As late as the 1940s, it was considered impossible to operate on the heart of a living patient. The tremendous advances made in cardiovascular surgery since that time are the work of many great physicians, but in this history, a few great names stick out, including those of Dr. Denton Cooley and Dr. Michael DeBakey.

While still an intern, Dr. Cooley participated in the first "blue baby" operation, to correct the congenital heart defect common in newborns. Early in his career, he pioneered the removal of aortic aneurysms, the replacement of damaged heart valves, and the development of the heart-lung machine. Dr. Cooley went on to perform the first successful human heart transplants in the United States, and was the first surgeon anywhere to implant an artificial heart in a human being.
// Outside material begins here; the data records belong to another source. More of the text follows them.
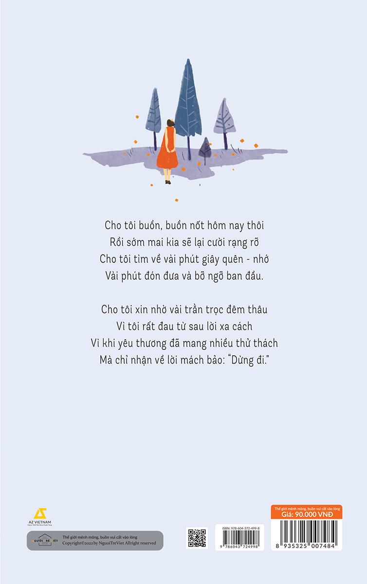 Lưu ý : Sách chỉ tặng quà cho bản in đầu tiên Trong hành trình trưởng thành của mình, chúng ta sẽ gặp gỡ được vô số người: Có người chiến đấu với thời gian, có người sợ thua kém bạn bè. Cũng có người mỗi ngày mở mắt, mỗi tối khép mi đều chỉ tồn tại cơm áo gạo tiền. Có người thấy bản thân hoảng loạn, cảm giác thua kém và tự ti khiến vô số ước mơ vì vậy mà chìm xuống vực thẳm. Hiện thực tàn nhẫn đến mức vùi lấp những ước mơ khi chúng chỉ vừa kịp nảy mầm. Có người một năm đi bệnh viện không biết bao nhiêu lần, tự mình bước vào khu vực cấp cứu. Trọn vẹn quá trình đều không rơi một giọt nước mắt. Nhưng hiển nhiên trong tim đầy gai góc, và nhiều vết sẹo đến đau lòng. Thế giới của người trưởng thành ngoài mặt bình lặng giản dị, nhưng trong lòng mỗi người đều là một trận chiến. “Đừng khóc trước khi đi ngủ” tựa một cái ôm gửi đến bạn - những người đang cảm thấy cuộc sống này không dễ dàng. Vết thương nào rồi cũng sẽ lành, nhưng nếu bạn bỏ cuộc ngay vào thời khắc ấy, người yêu thương cậu sẽ mang những vết thương mới. Sự có mặt của bạn vốn dĩ vẫn luôn có ý nghĩa với rất nhiều người. Mong bạn có thể đóng gói muộn phiền, chuyển giao vào hòm thư cũ, sống một đời rực rỡ. Mắt bạn đẹp như vậy, cười lên xinh biết bao. Bạn cười lên rất đẹp, nhớ cười nhiều một chút, nhất định phải vì chính mình mà vui vẻ sống. “Bất cứ khi nào bạn mệt mỏi, hãy tin rằng thế giới bao la, biển người rộng lớn, sẽ luôn tồn tại nơi chốn để bạn nương náu tâm hồn, yên ổn sống tốt phần đời sau này. Chúc bạn xuân sang, hạ qua dịu dàng, thu đến, đông tàn bình an”. Cảm ơn vì sau hàng ngàn lần bật khóc, bạn vẫn kiên cường bước tiếp.
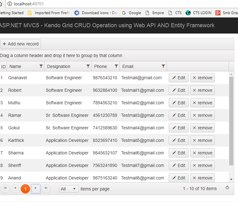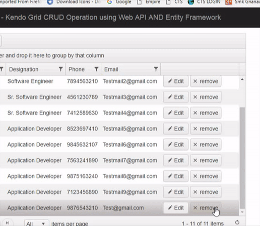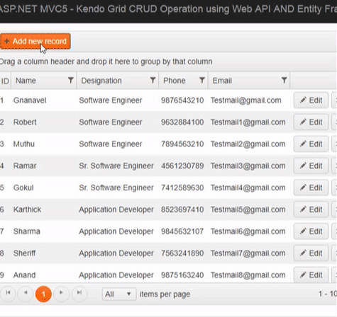 In this article, we discussed how to do the CRUD operation in Kendo UI Grid using ASP.NET Web API and Entity Framework in ASP.NET MVC5 Web Application.
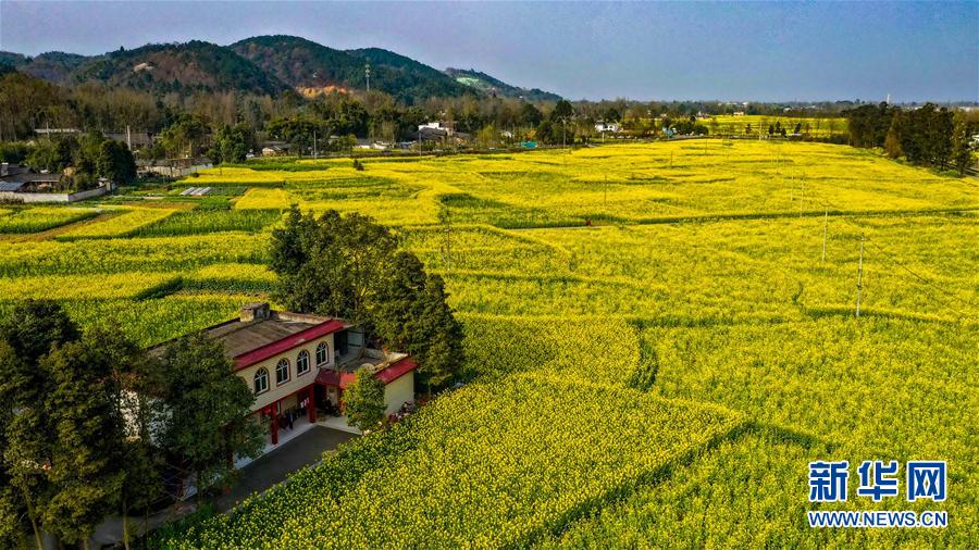 這是2月25日在四川省崇州市重慶路拍攝的油菜花田(無(wú)人機(jī)照片)。新華社記者王曦?cái)z
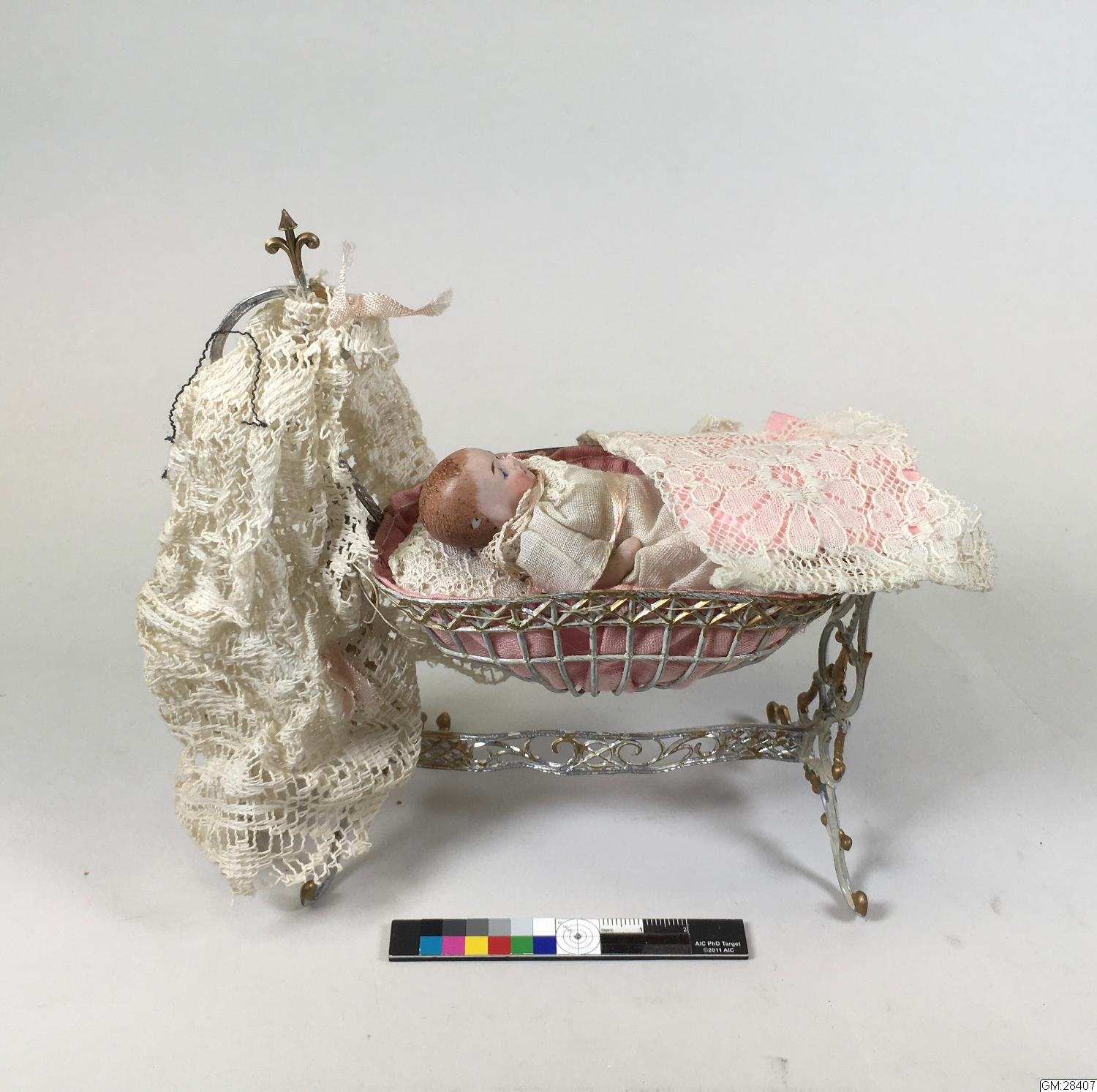 GM:28407 :: dockskåpsföremål, dockvagga, leksaker
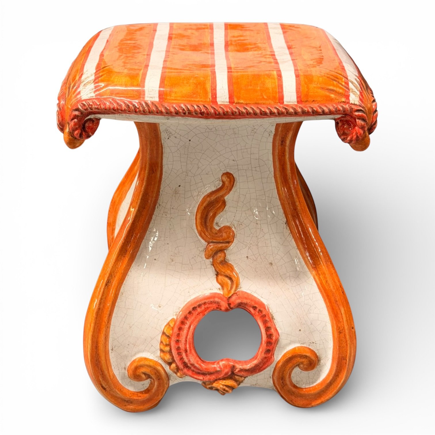 This charming hand-painted Tuscan ceramic stool, signed by Ceccarelli, is a beautiful example of Italian artisan craftsmanship. Featuring soft green and ivory tones with classic scroll detailing and a striped seat, the piece is finished with a delicate crackle glaze that enhances its old-world character.

He performed more open-heart operations than any surgeon in the world, including over 20 human heart transplants. In the middle of his career he became embroiled in controversy with his former colleague, Dr. DeBakey, but no one can dispute that he personally saved tens of thousands of lives, and through the techniques he developed and the surgeons he trained, perhaps a million more.



Denton Cooley Profile Photo
Profile: Dr. Michael E. DeBakey
Pioneer Heart Surgeon

Inducted into the Academy in 1967

No person did more to advance the surgical treatment of diseases of the heart and blood vessels than Dr. Michael DeBakey. As early as 1932, he developed components which became part of the first heart-lung machines. In 1936, he was one of the first to identify a connection between cigarette smoking and lung cancer. In the 1950s, DeBakey devised plastic tubing for repairing blood vessels, a treatment he applied to prevent recurring strokes, and kidney failure, and to restore circulation to limbs which might otherwise have been amputated. In 1963, DeBakey made history by installing an artificial pump to assist a patient's damaged heart.

As Chairman of the Department of Surgery at Baylor University in Houston, Texas, he played a major role in the evolution of heart transplantation, artificial heart implantation and coronary bypass surgery. Countless men and women owe their lives to Dr. DeBakey's work, and he was sometimes called upon to perform in the most conspicuous situations. When the life of Russian President Boris Yeltsin hung in the balance, Dr. DeBakey, already in his 80s, traveled to Russia to participate in the multiple bypass operation that saved the ailing leader's life.

Michael DeBakey received the Distinguished Service Award of the American Medical Association, and the René Leriche Award of the International Society of Surgery. Dr. DeBakey died on July 11, 2008 at the age of 99. His recollections are interspersed throughout our interview with Dr. Cooley.